Hacker News new | ask | show | jobs
by ggreer 4053 days ago
A big problem with one-thread-per-connection is that you open yourself to slowloris-type DoS attacks.[1] Normal load (and even extreme load) is fine, but a few malicious clients can use up all of your threads and take down your server.

This is touched upon in the slides you linked to. On slide 62 (SMTP server) a point says, "Server spends a lot of time waiting for the next command (like many milliseconds)." A malicious client could send bytes very slowly, using up a thread for a much longer period of time. If the client has an async architecture, it can open multiple slow connections with little overhead. The asymmetry in resource usage can be quite staggering.

1. http://en.wikipedia.org/wiki/Slowloris_(software)

1 comments

You seem to be imagining a case where you only allocate a small fixed thread-pool and when it runs out you just stop and wait. I think the slide deck is advocating that you just keep allocating more threads.
I'm talking about hitting OS or resource limits. Let's say a server is configured to time-out requests after 2 minutes. A malicious client could do something like...

Every second:

1. Open 40 connections to the server.

2. For all open connections, send one byte.

Repeat indefinitely.

Steady state would be reached at 4,800 open connections. At 1 byte of actual data per second per connection, data plus TCP overhead would use around 200KB/s of bandwidth. The server would have to run 4,800 threads to handle this load. Depending on memory usage per thread, this could exhaust the server's RAM.

There are ways to mitigate this simple example attack, but the only way to defend against more sophisticated variants is to break the one-thread-per-connection relationship.

What i am truely missing is a good benchmark and comparisons between async vs sync. It seems true that everybody says that async is best but i don't see much evidence. For example, how should 4800 threads exhaust the servers RAM when the thread stack size can be as small as 48kB. That's a round 200MB of memory.

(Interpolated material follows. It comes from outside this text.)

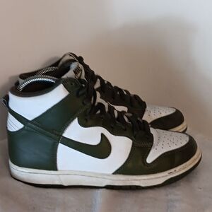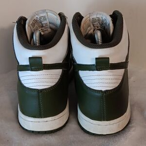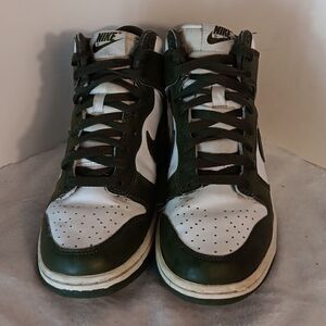 These unisex spartan green leather high top Nike "Dunk" youth athlete shoes are a size Y6. Cushioned insoles for comfort. In excellent condition. All offers are welcome.

I'm not saying that the threaded approach is better, but that almost everyone comes around with some theoretical statement but nobody seems to care to find hard evidence.

You are right to distrust these claims. The reality is that threads can be significantly faster than async -- async code has to do a lot of bookkeeping and that bookkeeping has overhead. OTOH, threads have their own kind of overhead that can also be bad.

The slide deck that bysin linked above is pretty good:

http://www.mailinator.com/tymaPaulMultithreaded.pdf

This is by Paul Tyma, who at the time worked on Google's Java infrastructure team with Josh Bloch and other people who know what they're doing. Apparently he found threads to be faster in a number of benchmarks.

Ultimately which is actually faster will always depend on your use case. Unfortunately this means that general benchmarks aren't all that useful; you need to benchmark your system. And you aren't going to write your whole system both ways in order to find out which is faster. So probably you should just choose the style you're more comfortable with.

Async is kind of like libertarianism: It works pretty well in some cases, pretty poorly in others, but it has a contingent of fans who think they've discovered some magic solution to all problems and if you disagree then you must just not understand and you need to be educated.

(Note: The code I've been writing lately is heavily async, FWIW.)

Why is 4800 threads a problem, and 4800 heap-allocated callbacks not a problem? Are you assuming a thread consumes significantly more memory than the state you'd need to allocate in the async case? This isn't necessarily true.